• [DATA EXTRACT]
..........

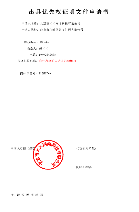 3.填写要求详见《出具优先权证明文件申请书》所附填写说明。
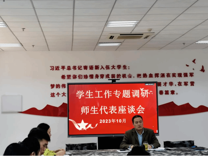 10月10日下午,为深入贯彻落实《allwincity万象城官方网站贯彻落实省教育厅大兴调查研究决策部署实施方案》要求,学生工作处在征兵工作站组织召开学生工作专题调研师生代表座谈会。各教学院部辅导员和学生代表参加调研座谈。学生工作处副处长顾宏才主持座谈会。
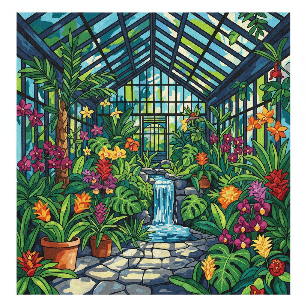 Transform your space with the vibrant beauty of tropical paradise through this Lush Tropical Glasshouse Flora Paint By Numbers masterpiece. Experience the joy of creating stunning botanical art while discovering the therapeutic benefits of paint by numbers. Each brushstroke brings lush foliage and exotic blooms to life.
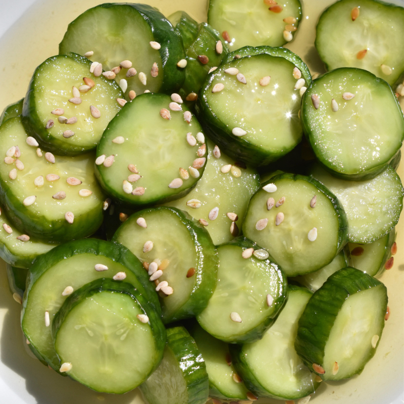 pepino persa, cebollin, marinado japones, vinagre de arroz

..........

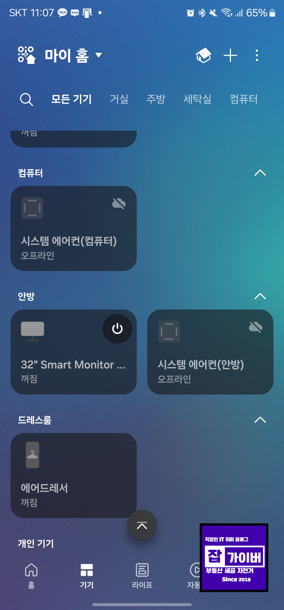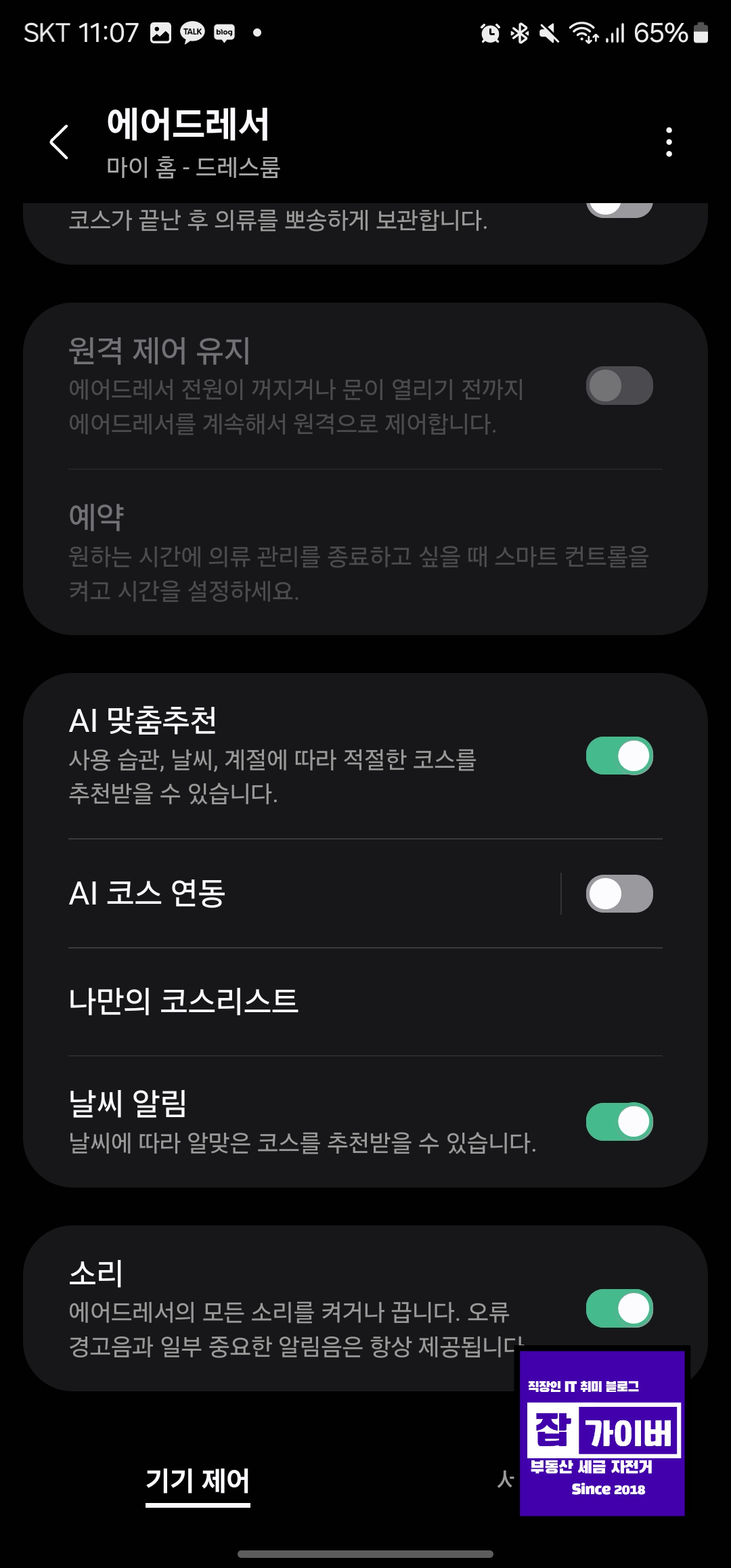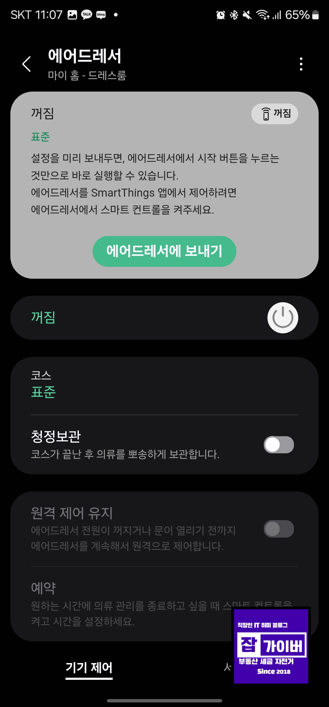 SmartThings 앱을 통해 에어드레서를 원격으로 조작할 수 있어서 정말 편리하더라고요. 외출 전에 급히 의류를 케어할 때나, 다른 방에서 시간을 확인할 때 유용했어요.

..........

• [TASK PROMPT] Exactly the lines starting at the one above with "3.填写要求详见《出具优先权证明文件申请书》所附填写说明。" and ending at the one with "10月10日下午,为深入贯彻" should be printed, and nothing else. Omit the pictures.

• [RESPONSE AREA]
 3.填写要求详见《出具优先权证明文件申请书》所附填写说明。
 10月10日下午,为深入贯彻落实《allwincity万象城官方网站贯彻落实省教育厅大兴调查研究决策部署实施方案》要求,学生工作处在征兵工作站组织召开学生工作专题调研师生代表座谈会。各教学院部辅导员和学生代表参加调研座谈。学生工作处副处长顾宏才主持座谈会。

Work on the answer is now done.